Thursday, December 3, 2015

it's what i do

well, my child is still a child according to the court in whatcom county.

this is very good news.

assault 4 as a juvenile means a year probation, community service, counseling. assault 2 as an adult would have meant jail time and a permanent record.

so. good news.

i should be relieved. i should be worrying less.

but i'm not.

i'm still terrified. i'm still scared out of my fucking mind every single moment i allow myself to even flitter across the whole situation.

i'm trying to sort out still how it got to this point. i'm trying to sort out who this angry reckless stranger is that replaced my goofy artist. i'm trying to hold onto hope that this isn't that far off from "typical" teenager junk that everyone goes through to some degree and he'll come out of it in a year or two and his dad and i will laugh and drink whiskey and wait for him to have a teenager of his own (in 29 years) to put him through all the same but different trials.

i'm terrified that it isn't over yet.

and i'm terrified of my perspective.

and i'm terrified that no one can see my perspective but me.

they started my son on anti-depressants. i'm sure they work great for some people, but I HATE THEM. i especially hate them when they are prescribed to chemically alter a mind that is already in a state of constant chemical development and change.

i've tried anti-depressants exactly twice in my life. the first time i was put on a birth control that was for mood swings and depression. it took three days before i was literally balled up in a corner, under my kitchen table, SOBBING and ready to end my own life. luckily my own crazy prevented me from making any terrible decisions because the dishes hadn't been done and the bathroom hadn't been cleaned, so there's NO WAY i could take my own life and let someone else clean up my (literal) mess. as i was sobbing and trying to figure out what to do, my doctor called to follow up on the prescription and immediately told me to flush the remaining pills and NEVER take them again.

the second time i was on a prescription for a ten day trial which i kept track of via blog and it wasn't TERRIBLE only because it wasn't ANYTHING. it completely flat lined me. took away ALL emotion. no bad, but also no good. i was in a boring, grey fog of nothing. not a great experience.

i'm much more of the mindset to try everything else before medication. anti-depressants are mainly designed to boost serotonin in the brain. the trick is, the brain only controls/contains 20% of our body's serotonin. 80% comes from (basically) your gut. 80% can be controlled through diet, vitamin supplements, exercise. those all sound MUCH safer than handing out a medication that you have to wean onto, wean off of, and has a HIGH rate of increasing suicide risk in teenagers.

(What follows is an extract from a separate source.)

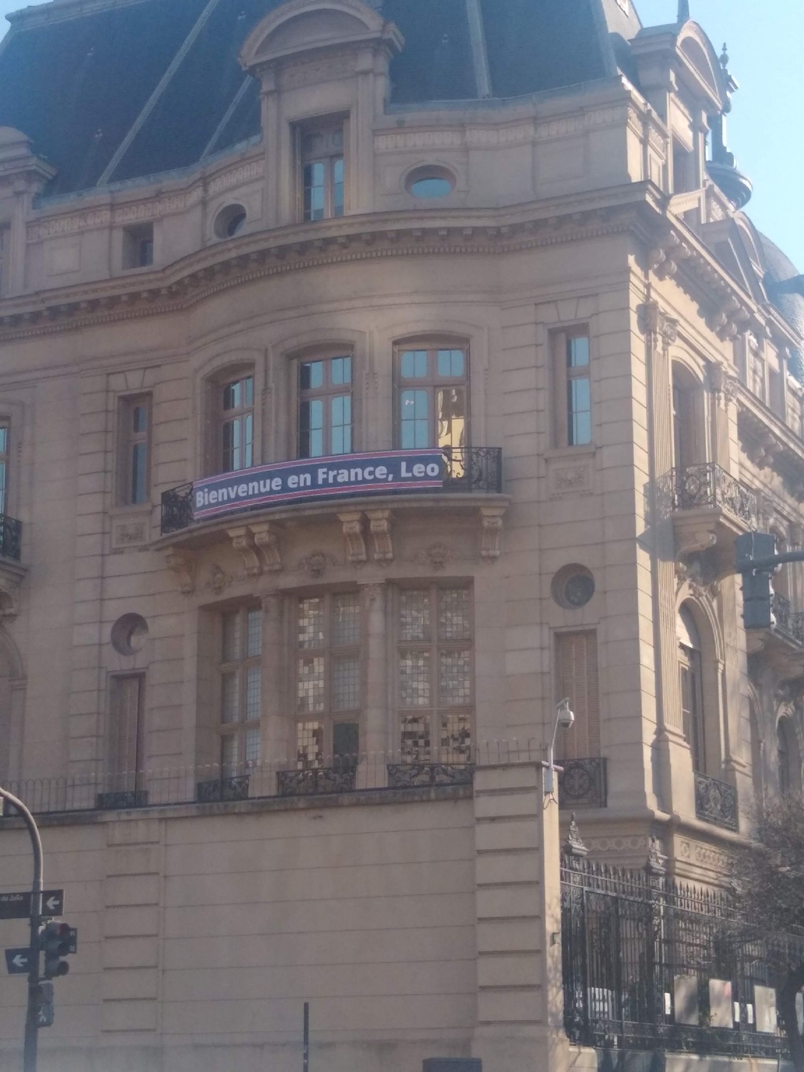“Bienvenue en France, Leo” se lee al pasar por la Avenida 9 de Julio. Esta tarde la embajada de Francia en Argentina colgó una bandera en su balcón con vista a la famosa avenida de Buenos Aires donde le da la bienvenida al campeón de América.

but, as usual, mom doesn't know what she's talking about. a pill is easier. it takes less effort and planning. instead of vitamin D and B and meditation, yoga, better food, just pop a pill (and risk an already emotionally unwell teenager becoming more unwell).

a teenager that was asking way too may questions about my brother who ended his life way too soon. a teenager that "felt like he's the same" as uncle steve. a teenager that has always taken the easy way out (no matter how hard i tried to make him work for things). a teenager that has proven he isn't making sound decisions right now.

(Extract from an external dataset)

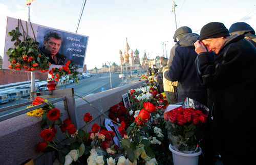 Những người ủng hộ đặt hoa và cầu nguyện tại địa điểm ông Nemtsov bị ám sát ở Moscow. Ảnh: Reuters

i am scared to death that he won't take any of this seriously. i'm SO GRATEFUL that he doesn't have a permanent record, but i'm scared that he may think he got away with it. i'm scared that he doesn't understand the impact and repercussions of probation. i'm scared he'll think of counseling and a requirement and not a tool to help. i'm hopeful that community service will teach him something. i'm scared that he doesn't understand the side effects and possible influence of medication. i'm scared he'll only take them until he feels better and ignore that stopping can be so dangerous if not done the right way. i'm terrified that he'll feel worse and not talk to anyone and make the most horrible, life ending choice an angry teenager can make.

i'm terrified that i can't help him. i'm frustrated he won't listen to me. i'm heartbroken that he stopped talking to me and i can't tell him that i've been there and done that.

so i just worry. and try not to think about it. but that's all i think about. i'm a mom. it's what i do.